STUDY OBJECTIVES: There is limited data on indications and outcomes of home continuous positive airway pressure (CPAP) therapy in the first year of life. We aimed to analyze the clinical, demographic, and polysomnographic (PSG) characteristics of a cohort of children initiated on home CPAP for treatment of sleep disordered breathing (SDB) and as respiratory support in the first year of life.

METHODS: Children started on CPAP in the first year of life at the Queensland Children's Hospital were retrospectively evaluated for clinical & demographic parameters, underlying diagnoses, respiratory support, airway surgical intervention, PSG results at baseline and on CPAP.

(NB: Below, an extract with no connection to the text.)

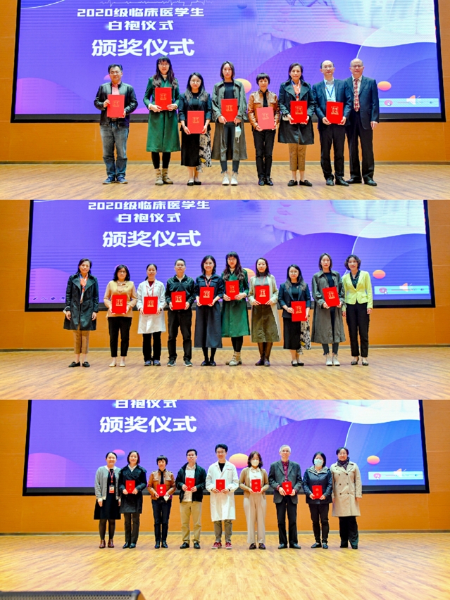 仪式开始前,临床医学院院长蔡巧玲发表了活动致辞,她从白袍仪式作为临床医学院的传统和今年2020年的特殊性谈起,希望同学们牢记白袍加身的使命和责任,以人民健康为目标,努力成为一名有温度的明日好医生,更好地服务人民、促进人类医疗卫生事业发展。会上,还对2020年临床医学院师德师风先进、第三届临床医学生“我心目中的好老师”进行了表彰。对2020级班导师进行了颁证并献上鲜花,仪式在全体师生大合影中落下帷幕。
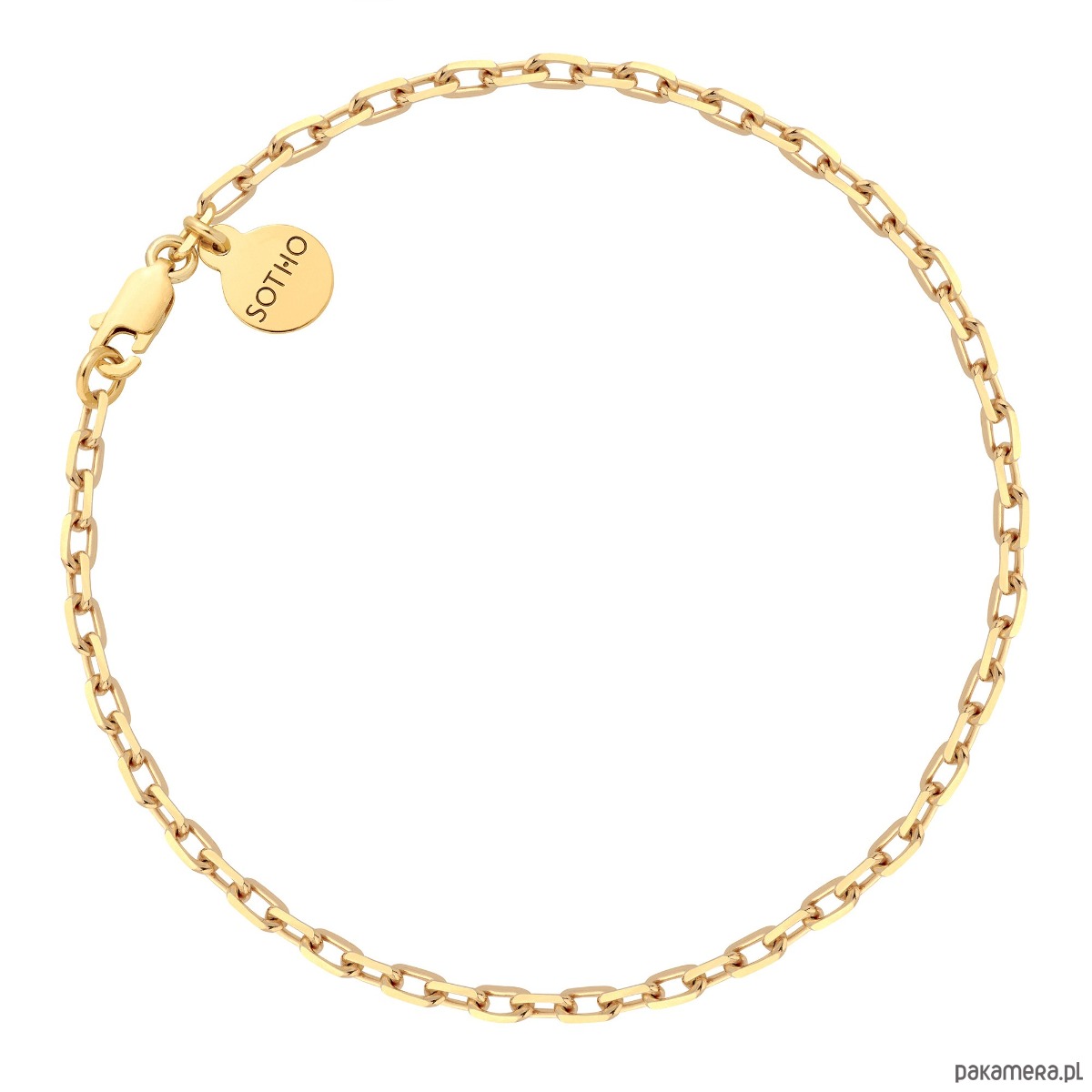 Złota masywna łańcuszkowa bransoletka na nogę z zawieszką z logo marki.

RESULTS: Twenty-nine infants [median age (IQR) at CPAP initiation 182 days (126-265.5); 12F] were included. Underlying aetiology included Trisomy 21 (n=6), craniofacial syndromes (n=5), hypotonia (n=8; 5 with non-craniofacial syndrome), airway malacia (n=5), skeletal dysplasia (n=2), non-syndromic upper airway obstruction (n=2) and CNLD (n=1). The median (IQR) Obstructive Apnoea-Hypopnea Index was 14\hr (6.2-31) at CPAP initiation, which improved on CPAP to 3.4\hr (1.4-6.4). Median (IQR) TcCO2 max remained unchanged on CPAP [56.6 mmHg (49-66.5 mmHg) pre-CPAP vs. 54.9 mmHg (47-62mmHg) on CPAP]. 15 children needed surgical airway intervention (11 pre and 4 post CPAP). CPAP therapy could be successfully ceased in 9 children, 2 needed tracheostomy and 1 child died during follow-up period.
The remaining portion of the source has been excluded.